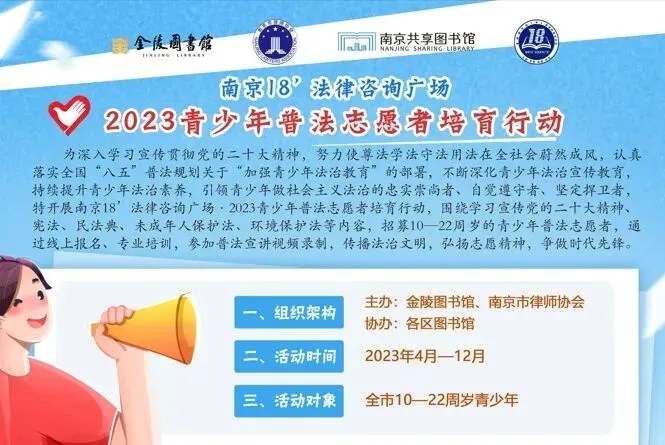 2024年1月起,普法宣讲视频(包括《宪法》《民法典》《未成年人保护法》《道路交通安全法》《环境保护法》《野生动物保护法》《著作权法》《道路交通安全法实施条例》等)在金陵图书馆、南京市律师协会、各区图书馆相关活动及新媒体平台进行展播。
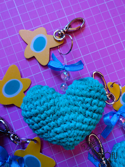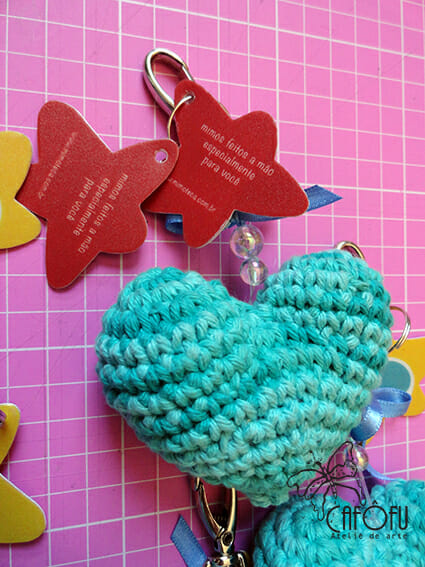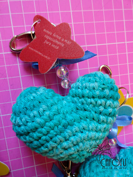 A empresa Mimoteca fez os coraçõezinhos em crochet e nós demos o acabamento para finalizar o chaveiro. É uma ótima opção de lembrancinha para qualquer ocasião.
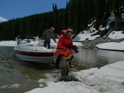 Cameron, a successful ski instructor from Utah, promised a "Deer Valley experience" and he did not dissapoint. On June 4th, we climbed aboard "No Worries", a 20' speedboat Captained by Frederick Howard. "No Worries" allowed us to circumvent an arduous canoe trip across the lake. On the western edge of the lake, Cameron donned waders to ferry the gear and guides to the icy shore. Cameron was proving to be very "guidable."
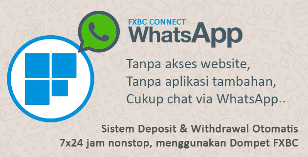 Untuk mendukung kemudahan Anda dalam bertransaksi, hari ini FXBC kembali meluncurkan layanan terbaru kami, yaitu [b]FXBC connect WhatsApp[/b], dengan hadirnya layanan ini Anda tidak perlu lagi repot2 untuk membuka website atau menginstall aplikasi tambahan dari kami.. Cukup menggunakan aplikasi WhatsApp yang biasanya sudah terinstall secara standart di handphone, Anda bisa menikmati layanan ini.
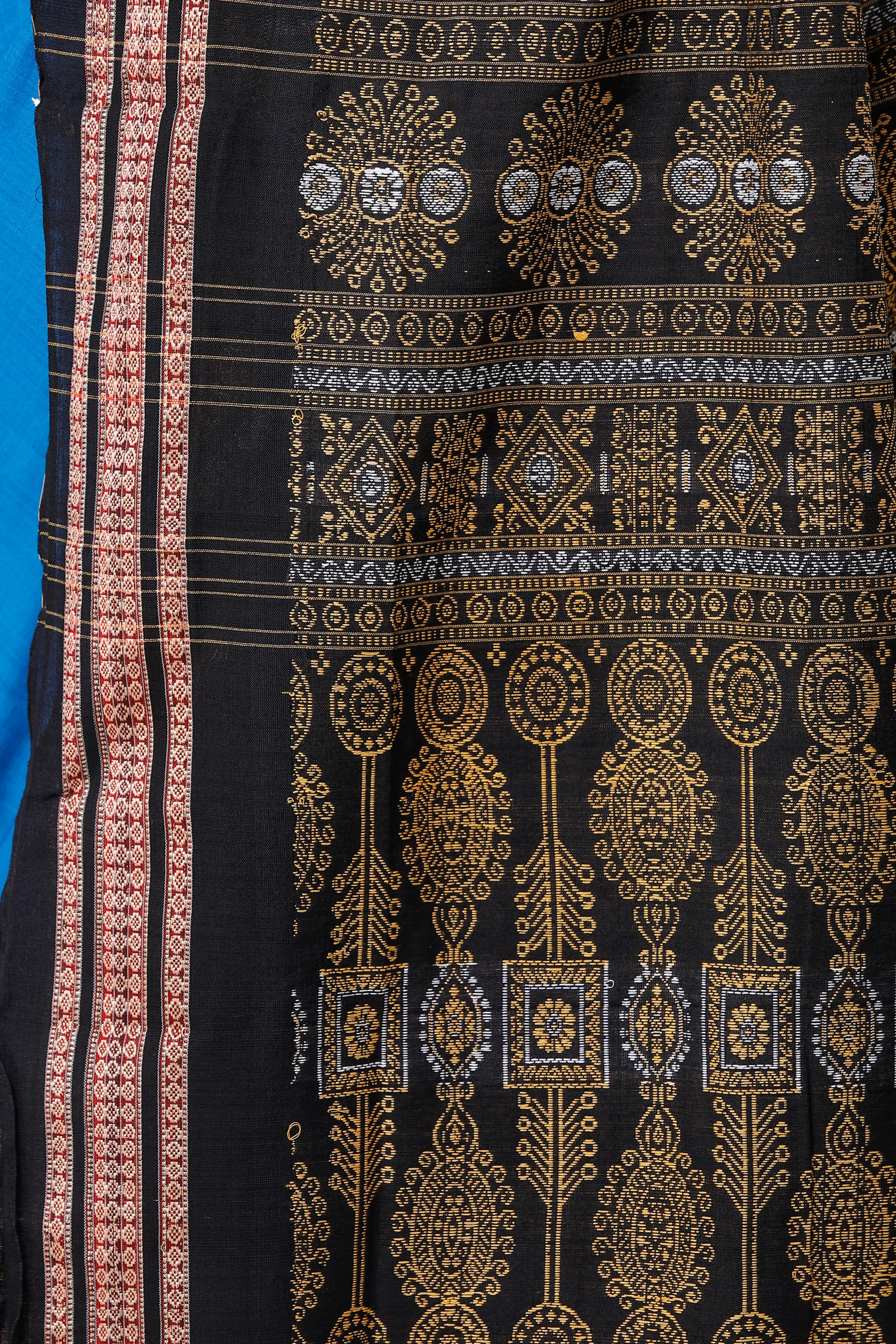 The true showstopper lies in the richly detailed pallu. Here, the traditional Bomkai artistry comes to life in a stunning contrast of black, gold, and white threads. Intricately woven bootis, arranged in horizontal bands, showcase a mesmerizing geometric and floral symphony. Each motif is a miniature work of art, reflecting the skilled craftsmanship and deep-rooted traditions of Odisha's weaving community. The interplay of contrasting colors and textures creates a visual feast, making this pallu an undeniable statement piece.

** REQUIRED WORK **
Take the material above from its first line through the line that has "Cameron, a successful" and copy it exactly, without any pictures.

** EXERCISE SOLUTION **
 2024年1月起,普法宣讲视频(包括《宪法》《民法典》《未成年人保护法》《道路交通安全法》《环境保护法》《野生动物保护法》《著作权法》《道路交通安全法实施条例》等)在金陵图书馆、南京市律师协会、各区图书馆相关活动及新媒体平台进行展播。
 A empresa Mimoteca fez os coraçõezinhos em crochet e nós demos o acabamento para finalizar o chaveiro. É uma ótima opção de lembrancinha para qualquer ocasião.
 Cameron, a successful ski instructor from Utah, promised a "Deer Valley experience" and he did not dissapoint. On June 4th, we climbed aboard "No Worries", a 20' speedboat Captained by Frederick Howard. "No Worries" allowed us to circumvent an arduous canoe trip across the lake. On the western edge of the lake, Cameron donned waders to ferry the gear and guides to the icy shore. Cameron was proving to be very "guidable."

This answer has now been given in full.